Dr Jamie Platts Project Titles
1. Computational Screening of Metal-Based Telomerase Inhibitors.
Abstract: Telomeric DNA and the associated enzyme telomerase are attractive targets for selective anti-cancer drugs, having been described as "a therapeutic target for the third millennium". Human telomeres consist of multiple repeats of the sequence 5'-[TTAGGG]-3', attached to the end of each chromosome, that are designed to protect the chromosome and its genetic data from degradation by environmental effects.

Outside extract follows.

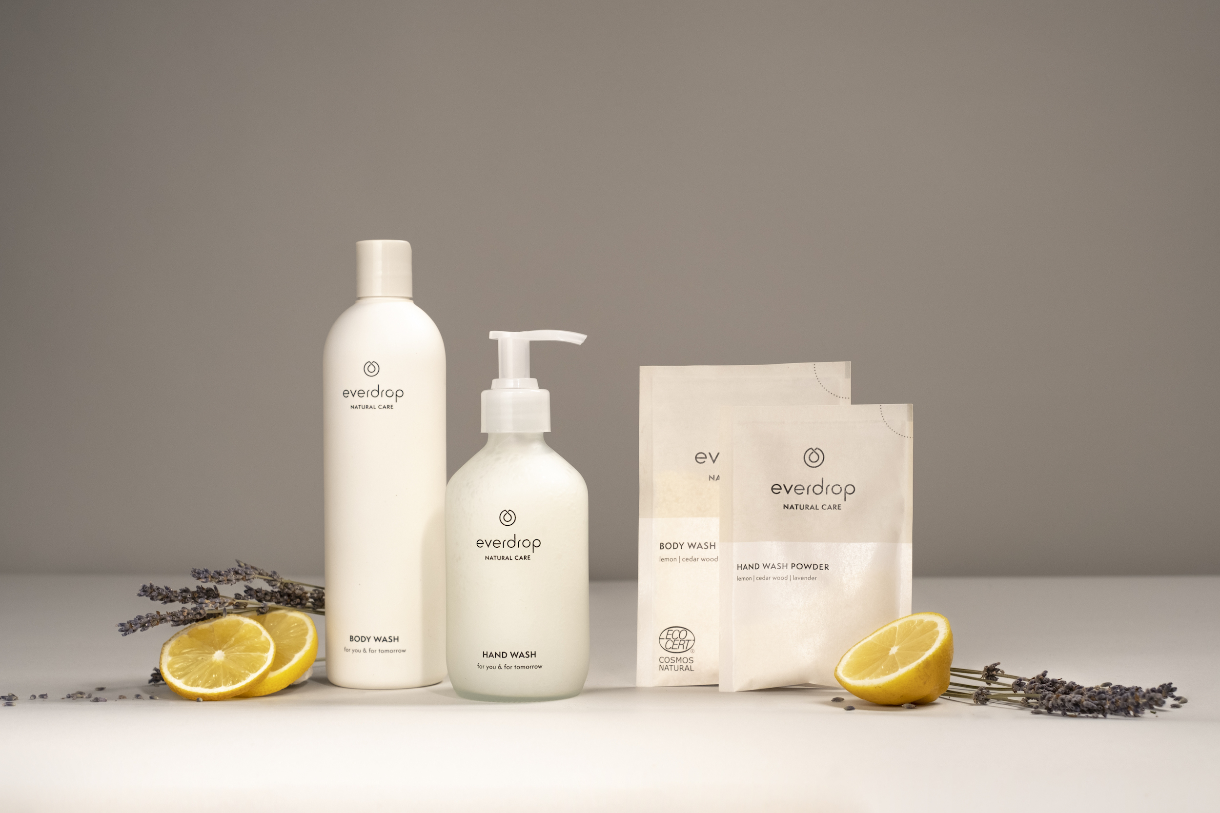 everdrop presenta la propria linea di cosmesi naturale ricaricabile NATURAL CARE. La linea everdrop NATURAL CARE si compone di sapone liquido per le mani e bagnoschiuma, entrambi basati su un innovativo formato in polvere, da trasformare in gel direttamente a casa: i flaconi possono quindi essere riutilizzati con nuove ricariche in bustina, riducendo l’utilizzo di plastica monouso e le emissioni di CO2 dovute al trasporto.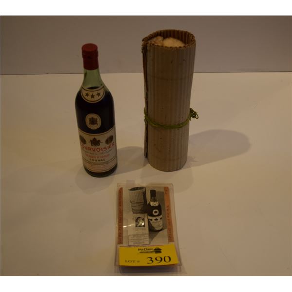 NORMANDIE: UNOPENED BOTTLE OF COURVOISIER COGNAC W/CORRUGATED WRAPPER & GREEN CORD, WRITTEN ON THE S390 - NORMANDIE: UNOPENED BOTTLE OF COURVOISIER COGNAC W/CORRUGATED WRAPPER & GREEN CORD, WRITTEN ON THE S

In healthy cells, cell division is accompanied by loss of telomeres, such that these have a pre-programmed life span of 20 to 50 divisions. In cancerous cells, however, the ribonucleoprotein telomerase can re-attach the sequence to the chromosome, thus bestowing effective immortality. Transition metal complexes are one class of molecule that show promise as telomerase inhibitors, with metals including platinum, nickel, ruthenium, copper and zinc demonstrating selective inhibition of telomerase at low concentrations. We propose to develop and test molecular modelling approaches that will shed new light onto the mechanism of telomerase inhibition by transition metal complexes. Accurate quantum mechanical methods will be used for detailed study of potential binding modes of transition metal complexes to models of telomeric DNA and telomerase RNA, allowing us to probe the effects of varying complex structure on binding. Data from these studies will also allow us to test and refine parameters for faster empirical methods to treat transition metals, such that much larger systems and their dynamical behaviour can be modelled. By monitoring structural properties over multiple snapshots of thermal motion, we will obtain comprehensive detail on the effect of metallation on telomere structures and hence illuminate a number of important but unanswered questions regarding metal complexes as telomerase inhibitors. Models of activity will also be sought by quantitative structure-activity relation (QSAR) methods, relating calculated properties to activities from in vivo and in vitro assays using appropriate statistical techniques.